== Material provided ==
====================

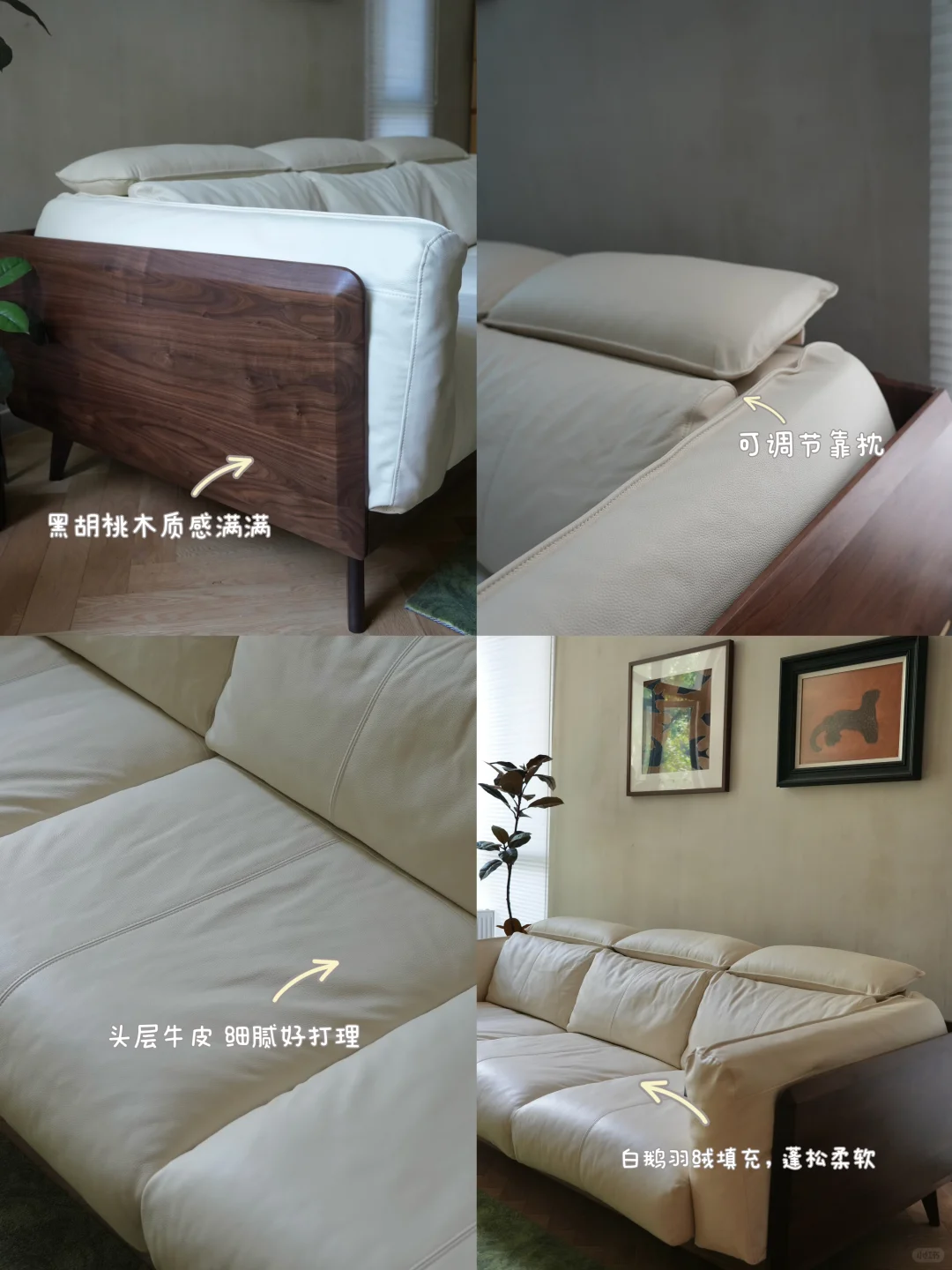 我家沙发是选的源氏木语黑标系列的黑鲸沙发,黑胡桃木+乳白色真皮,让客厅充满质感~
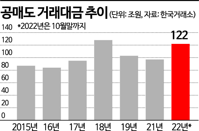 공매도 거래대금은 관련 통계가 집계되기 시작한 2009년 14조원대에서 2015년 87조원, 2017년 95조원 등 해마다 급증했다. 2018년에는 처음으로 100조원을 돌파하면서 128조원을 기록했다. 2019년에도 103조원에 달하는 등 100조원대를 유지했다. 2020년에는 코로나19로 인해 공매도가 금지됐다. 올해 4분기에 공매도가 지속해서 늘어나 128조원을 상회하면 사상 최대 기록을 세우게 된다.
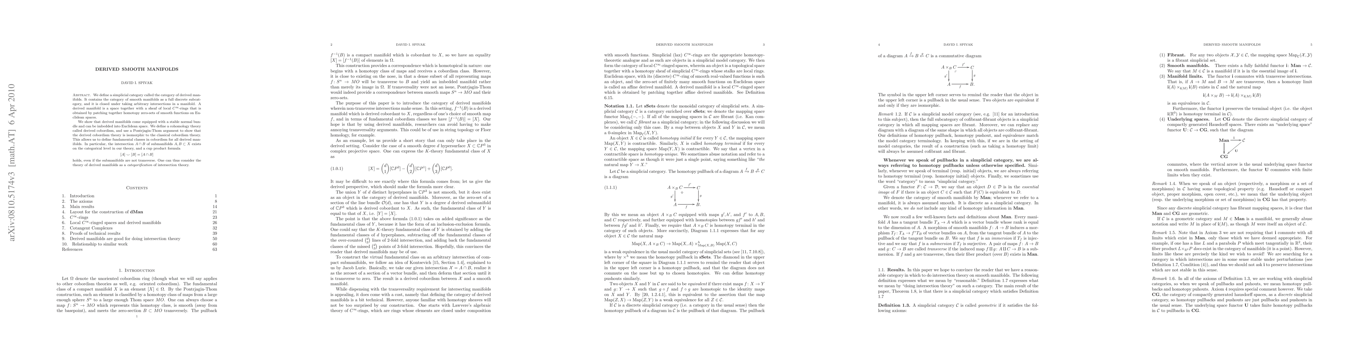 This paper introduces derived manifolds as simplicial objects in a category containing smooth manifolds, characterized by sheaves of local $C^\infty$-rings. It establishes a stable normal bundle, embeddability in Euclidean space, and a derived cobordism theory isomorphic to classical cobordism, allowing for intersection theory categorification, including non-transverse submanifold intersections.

====================

== Instructions to follow ==
The lines from the start of the data through the line that contains "공매도 거래대금은 관련" are to be returned exactly, please, with both ends included and every picture left out.

== Your response ==
 我家沙发是选的源氏木语黑标系列的黑鲸沙发,黑胡桃木+乳白色真皮,让客厅充满质感~
 공매도 거래대금은 관련 통계가 집계되기 시작한 2009년 14조원대에서 2015년 87조원, 2017년 95조원 등 해마다 급증했다. 2018년에는 처음으로 100조원을 돌파하면서 128조원을 기록했다. 2019년에도 103조원에 달하는 등 100조원대를 유지했다. 2020년에는 코로나19로 인해 공매도가 금지됐다. 올해 4분기에 공매도가 지속해서 늘어나 128조원을 상회하면 사상 최대 기록을 세우게 된다.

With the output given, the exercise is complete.